Converting problems to MOSEK from CVX

I am having trouble understanding how things work with solvers inside CVX and outside CVX with the same solver. I implemented an optimization problem on CVX calling MOSEK. The variable that needed to be optimized was of size 133 x 133 x 75. The problem was solved to optimality in around 1500 seconds. I work on a machine (Intel Core i9-9820X CPU ) with 32 GB of installed RAM.
Since I was getting a good optimal result, I implemented the problem outside CVX, on Python, calling MOSEK because I plan to move on to larger datasets. However, for the same smaller dataset that I used in CVX, the solver consumes 100pcnt memory and kept running for more than half an hour before I force stopped it.
Am I wrong in thinking that if something works on CVX in 1500 seconds, then doing exactly the same problem, calling the same solver outside CVX can be done in similar runtime?
If I have got something wrong then would be glad to know from an expert.
Thanks
A.

Perhaps if you show your complete CVX and Python codes, together with solver output, one of the Mosek employees who read this forum can provide an assessment (maybe they will ask you to generate a Mosek task file).

Thanks, am in touch with MOSEK people. But wanted to confirm here if that’s a common thing thats reported with CVX. This is way more difficult than I had imagined. I wish CVX could extend itself to larger scale problems.
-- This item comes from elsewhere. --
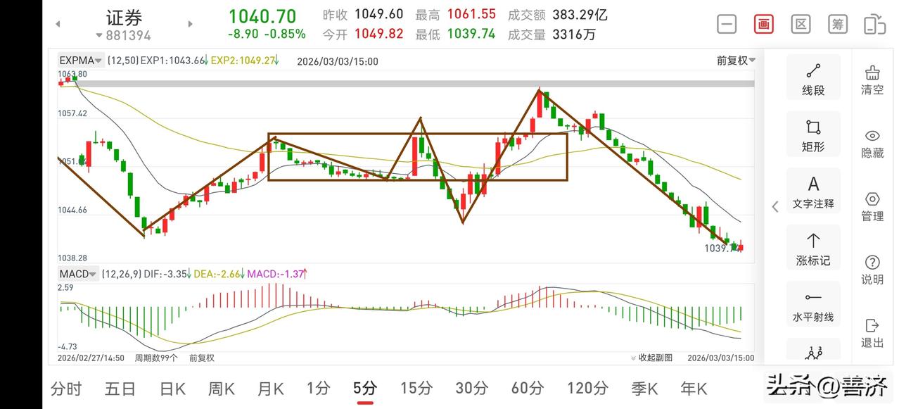 证券板块复盘(2026.3.3) 证券板块今天下午毫无抵抗,下跌力度较强,那么明天只会有弱势反弹,并没有好的操作价值,只能继续等待好的买点出现。 1.从39分钟图一上看,目前正在走第三个中枢的离开段,该离开段还不能判断为结束,因为它还没出现5分钟的中枢,根据走势必完美原则,没有中枢是不可能结束的。 2.从5分钟图二上看,此处有可能会构建一个5分钟的下跌中枢,由于今天市场普跌,那么明天就是一个弱势反弹构建5分钟中枢,此处是没有好的操作价值的,待5分钟中枢构建完成后,再考虑是否操作的问题,目前持股观望即可。 总之,日线一笔调整还没有结束的迹象,预计后面大概率还会构建日线三卖的空头陷阱后才会结束,没办法,只能耐心等了。新年爱好打卡 股票财经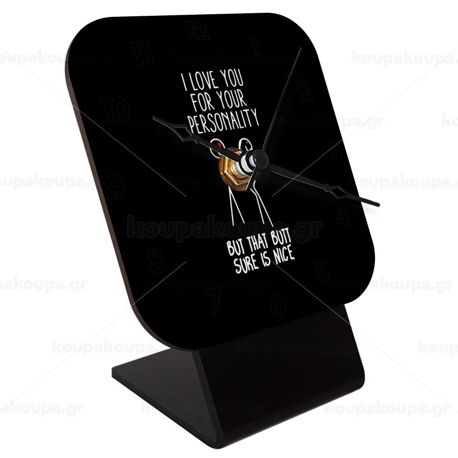 I Love you for your personality, Επιτραπέζιο ρολόι ξύλινο με δείκτες (10cm)

You may or may not have provided the same optimization problem to CVX and Python. Even if the optimization problem you provided is the same, CVX performs transformations to the problem you entered before providing the problem to the solver (Mosek in this case). Among other things, CVX may decide to send the dual to Mosek rather than the primal (if so, the CVX output will tell you so). CVX’s reformulation decisions may result in a problem that is easier (faster) for the solver to solve, but it might be more difficult in some cases. There is also the matter of what solver parameters are specified, and whether the default solver parameter values are used, and even whether the defaults are the same depending on what entity calls the solver.

One thing you can try is limiting the number of threads (MSK_IPAR_NUM_THREADS). That might be making the difference between your runs in various environments.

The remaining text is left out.